Slime flux, also known as bacterial slime or bacterial wetwood, is a bacterial disease of certain trees, primarily elm, cottonwood, poplar, boxelder, ash, aspen, fruitless mulberry and oak. A wound to the bark, caused by pruning, insects, poor branch angles or natural cracks and splits, causes sap to ooze from the wound. Bacteria may infect this sap causing it to darken and stain the bark, eventually taking on a foamy appearance and unpleasant odor. This slimy ooze becomes toxic to the bark and eats into the tree. Additionally, the fermented sap attracts insects like flies, ants, and maggots.

Cause 
Slime flux occurs when a wound is made in a tree trunk through things such as natural growth cracks, frost, insects, birds, lawn mowers, cat scratches, or pruning wounds, which causal bacteria can enter. Once inside the xylem, the internal pressure of the tree is raised, from the normal range of  up to , due to bacteria fermenting and emitting a gas mixture of methane, nitrogen, carbon dioxide, and oxygen. This accumulation of liquid and gas causes that part of the tree to have a damp, dark brown appearance known as wetwood. Eventually, the pressure will cause the sap and gasses to burst through the xylem and out of cracks in the trunk and ooze down the side of the tree. This sap flux may be further infected by other pathogens once exposed to the air such as air-borne bacteria, yeast, and fungi, at which point it is known as slime flux.

Causal agents 
Causal bacteria for the initial wetwood varies depending on the species of tree. The bacteria are commonly found in water and soils. Enterobacter cloacae is a causal bacteria of wetwood in American Elms. Xanthomonas spp., Argobacterium spp., Acinetobacter spp., Corynebacterium spp., Bacteroides spp., Clostridium spp., Edwardsiella spp., Klebsiella spp., Lactobacillus spp., Methanobacterium spp., Brevundimonas bullata, Paracoccus spp. and Luteimonas aestuarri have also been isolated from wetwood in various tree species.

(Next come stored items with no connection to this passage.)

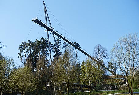 Ganz Mutige können sich hier am Bungee-Seil in die Tiefe stürzen.
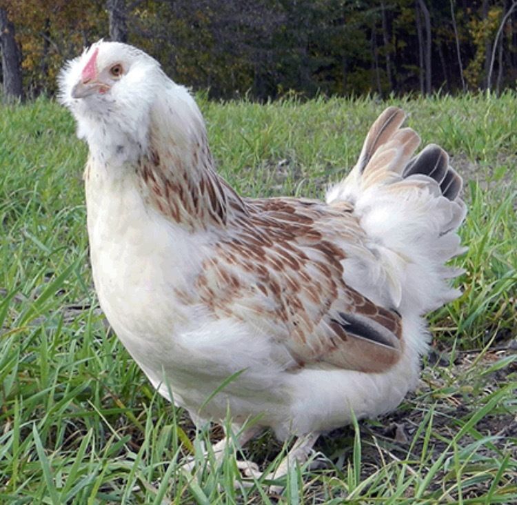 She's cute! I'll keep that in mind when I'm looking for chicks in the future.I had 2 Salmon Favs. This is the one I still have, Crouton. She looks like she's on drugs right now without her beard. She's starting to warm up. But both of them were so skittish and SCREAM when I pick them up. Not sure if I would recommend or not. Just not friendly, and lay eggs about every other day and this one's eggs are just off-white and not particularly pinkish. I mean, I like her--she's just not friendly. FERAL CHICKEN.![]()
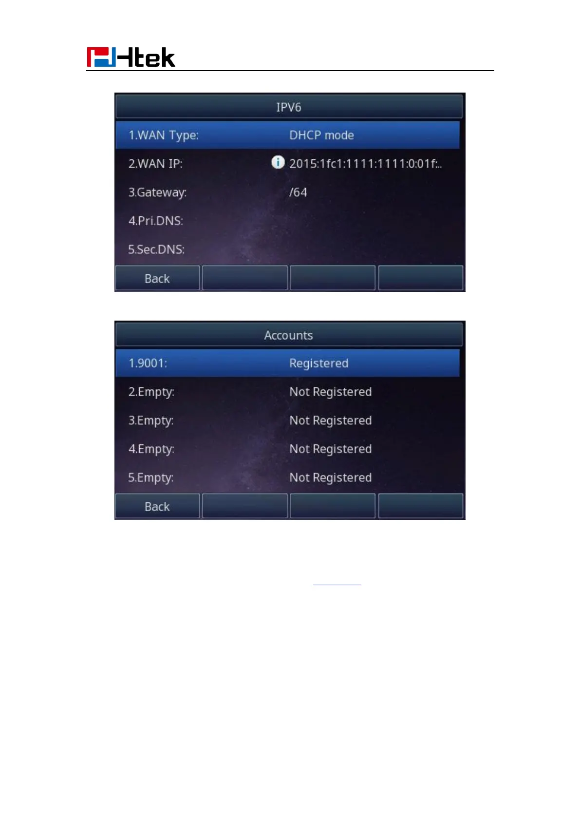 5. Press Menu →Status →Account (UC926E support sixteen accounts)

Species of Prototheca have been isolated from slime fluxes.

Treatment 
There is no cure, but the bark of a tree is like skin. The wound should be disinfected with rubbing alcohol or a household bleach solution of one part bleach to nine parts water. The excess sap should be wiped from the tree to discourage hungry insects. With prompt and continuous treatment, the tree should survive. In the forest, practices that minimize wounding will reduce the spread of this disease. For urban trees, maintaining vigorous, healthy growing conditions (thorough watering, mulching around the base and adding compost to the drip line) and avoiding wounds will reduce the probability that trees will be affected by this disease. Removing bark from the affected area will reduce damage to an individual tree. Additionally, the “hungry insects” are most likely harmless. The main “pest” you will need to be concerned with are borers.

Background 
Slime flux or more commonly known as Wet wood is a seepage of the wood that is unseen by the human eye. The seepage is typically a sour smell that comes from the trunk of the tree.

Significance 
The slime flux disease causes a constant odor, and bleeding cankers on the base of the tree. Slime flux can eventually kill a tree. The bacteria and pathogens can spread to surrounding trees. Oozing liquid is a sign that there has been an earlier injury. In some cases, as the outer wound calluses over and the internal methane production decreases, the slime flux may stop in a year or two. In other cases slime flux may reoccur year after year.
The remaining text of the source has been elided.